Outre le modèle dominant de Baddeley, le concept de mémoire de travail a été repris dans beaucoup de modèles (Baddeley et al., 2009), questionnant notamment le lien entre la mémoire de travail et la mémoire à long terme. L’un des modèles alternatifs le plus connu est le modèle de Cowan (1988, 2005, 2010b, 2012) qui propose une vision différente de la mémoire de travail, notamment une vision unitaire. Selon lui, la mémoire de travail correspond à une activation de la mémoire à long terme. Elle serait constituée d’informations provenant de l’extérieur et de toutes les informations actives en mémoire à long terme, c'est-à-dire d’informations dans le focus attentionnel dont le sujet a conscience et d’informations activées dont le sujet n’a pas conscience. Ce modèle a trois composants principaux : la mémoire à long terme, la mémoire à court terme et le registre sensoriel ainsi qu’un processus central dont le rôle est de diriger l’attention et de contrôler les traitements volontaires, c'est-à-dire de sélectionner les informations du focus attentionnel. Les informations comprises dans ce focus attentionnel sont les informations nouvellement perçues (processus involontaire) ou réactivées du fait de traitements en cours ou de récupération (processus volontaire). L’activation simultanée de plusieurs informations permet de créer des combinaisons d’informations et ainsi générer de nouvelles connaissances à long terme.

D’autres modèles considèrent que la mémoire de travail est une forme d’activation de la mémoire à long terme, comme celui d’Engle (2002). Selon lui la mémoire de travail est composée de représentations en mémoire à long terme activées au-delà d’un certain seuil. Elle est donc constituée de traces actives, de procédures ou d’habiletés nécessaires pour l’activation et le maintien de l’activation et d’attention contrôlée. Cette attention contrôlée aurait une

capacité limitée. Dans le modèle ACT-R d’Anderson (1983, 1993), la mémoire de travail serait une sous partie des connaissances déclaratives stockées dans la mémoire à long terme.

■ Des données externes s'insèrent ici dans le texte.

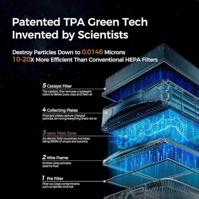 - Patented Washable Filter :The TPA filter is made of durable and recyclable graphene material. Compared with traditional HEPA, X5Pet air purifier TPA Filters are lifetime washable and reusable, saving you over $500 per year on filter replacements.
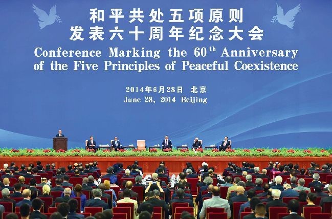 2014年6月28日,和平共处五项原则发表60周年纪念大会在人民大会堂举行,中国国家主席习近平出席大会并发表题为《弘扬和平共处五项原则 建设合作共赢美好世界》的主旨讲话,深刻地阐述了和平共处五项原则的历史性贡献和重大现实意义。
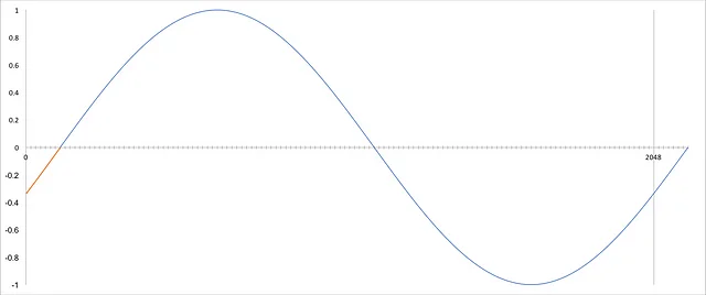 A cyclic prefix is a copy of the last few samples of the OFDM symbol inserted at the beginning of the OFDM symbol. This will make the OFDM symbol longer, which reduces bandwidth, but it also enables autocorrelation to find the beginning of the OFDM symbol and acts as a guard interval to prevent intersymbol interference. Autocorrelation ( wikipedia) is a simple technique whereby the signal is correlated ( wikipedia) with a delayed copy of itself and we look for a peak. In the case of a cyclic prefix, the delay is the length of the original OFDM symbol, 2048 samples.
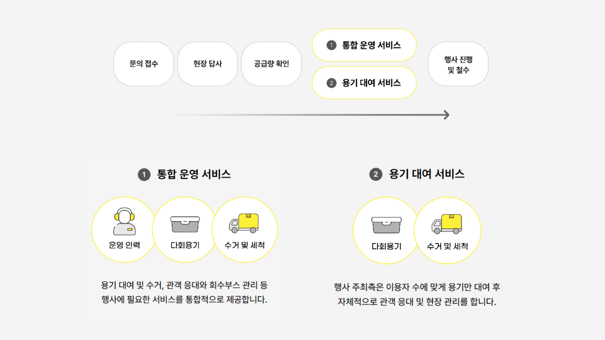 파악된 행사 데이터를 기준으로 다회용기 공급량을 예측하여 행사에 필요한 서비스를 크게 두 가지로 제안 드리고 있어요. 용기 대여 및 수거, 관객 응대와 회수 부스 관리 등 행사에 필요한 전반적인 부분을 잇그린에서 관리하는 '통합 운영 서비스'와, 관람객 이용 수에 맞는 다회용기만 대여해 주는 '용기 대여 서비스'가 있습니다. 야구장에서는 다회용기 대여부터 반납 안내 인력까지 제공하는 '통합 운영 서비스'를 이용 중이에요.
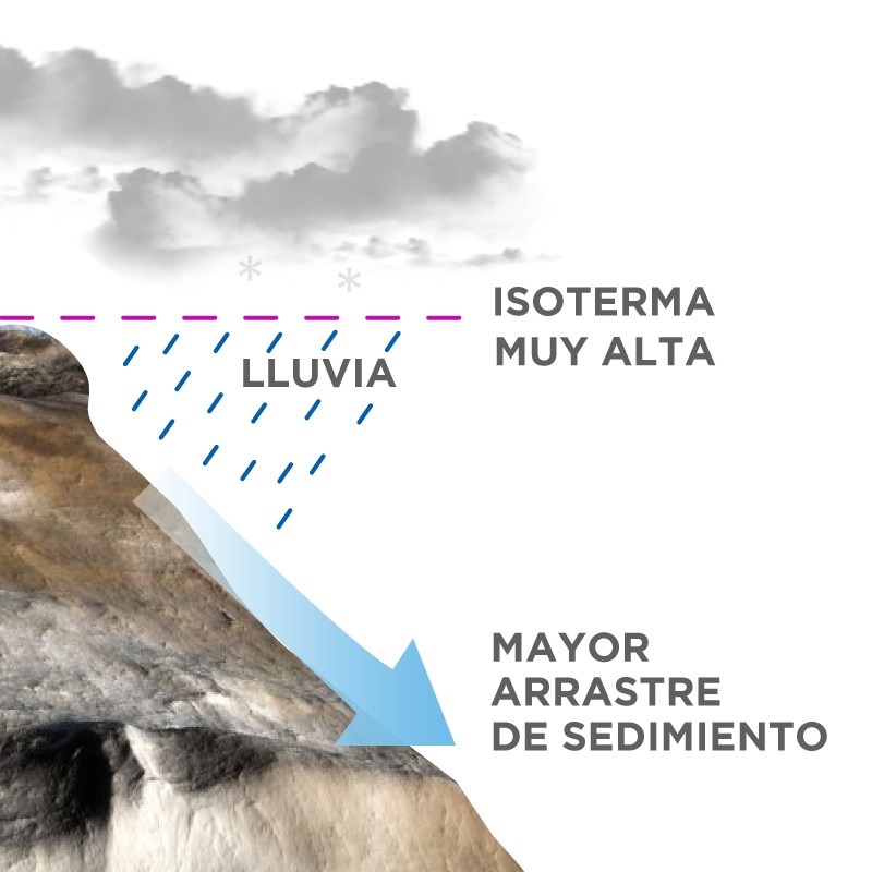 “En la cordillera hay mucho material suelto (piedras, rocas, arenas) que están habituados a recibir precipitación sólida (nieve) y no líquida (lluvia). Si cae mucha agua, parte de ese material escurre por las laderas de la montaña, ya sea en el cauce de los ríos, o en las quebradas, provocando deslizamientos de tierra o aluviones. Esto genera una reacción en cadena con la crecida repentina del cauce y el enturbiamiento de las aguas que pueden afectar el suministro en las plantas procesadores de agua potable”, anticipa Rodrigo Mondaca, geógrafo e integrante de la Red Meteorológica Aficionada de Chile (Redmeteo).

Une littérature importante est produite autour du concept de mémoire de travail et des différents modèles proposés. Cependant, même s’ils diffèrent sur les processus mis en jeu ou leur relation avec la mémoire à long terme, la plupart des modèles s’accordent pour considérer que la mémoire de travail a une capacité limitée, et qu’il est nécessaire de concevoir une distinction entre traitement des informations verbales et visuo-spatiales. Le concept de mémoire de travail a également été depuis longtemps considéré dans le développement, ses capacités limitées pouvant être considérées comme un des facteurs rendant compte de l’immaturité de certaines aptitudes des enfants.